それでも会社からは解雇もなく、この事実を知っているのは会社の人事部と労働組合、直属の課長以上の管理職だけだったので職場での人間関係に影響することなく、普通に仕事をしていたある日、会社からの見えざる自主退職への次の一手が来ることになりました。

それは、社員証が新しいものに変わるという特に何ということもないことから始まりました。

この社員証、クレジットカードと一体になっているというもので、手渡された時は、”社員証の顔写真の横にVISAのマークが入っていて、かっこいいな”程度の呑気なことしか思っていませんでした。

そして後日、出張へ行く場合の旅費精算について社内アナウンスがあり、”今後出張旅費精算は、すべてこのクレジットカードで行うので、切符から宿泊代に至るまで、このカードで現地清算して下さい。”とのこと。

そこまではよかったのですが、このクレジットカードの与信枠を見て愕然としたそうです。社員証にクレジットカードが付いているので、与信枠は一律いくらと決められているものと思っていたのですが、個人ごとに違っていたのです。

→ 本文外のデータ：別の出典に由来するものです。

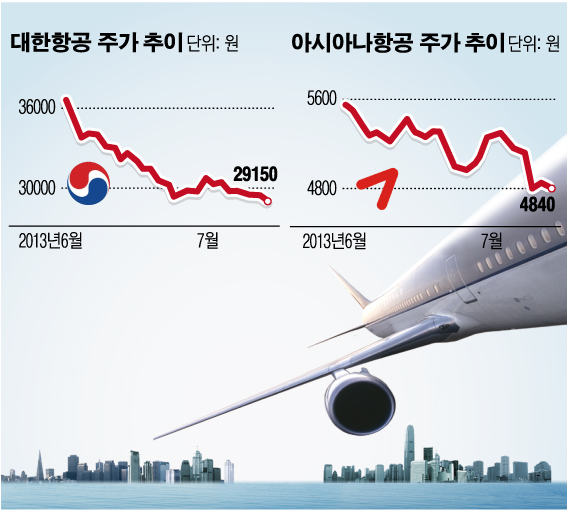 실제로 대한항공은 한국거래소에서 지난 11월 30일 5만6500원으로 거래를 마쳤는데, 이는 2만6400원으로 장을 마감한 지난 5월 4일 이후 약 7개월 만에 가장 낮은 종가 기록이다.

今回この会社が、新しく作った社員証のクレジット与信は、会社の与信ではなく、個人の与信を採用していたのです。

そして、その方の与信枠はショッピング5万円のみだったそうで、出張へ行く場合、実質的に費用が賄えない場合が出てくる金額でした。

そして、入社後15年目にして彼は退職しました。

■まとめ

このように、キャッシュレス決済は、お金の動きだけでなく人物査定も結果的にされる厳しい一面を持っています。

日頃からキャッシュレス決済の便利さのみを享受するだけではなく、怖い側面もあることを知っておく必要もありますね。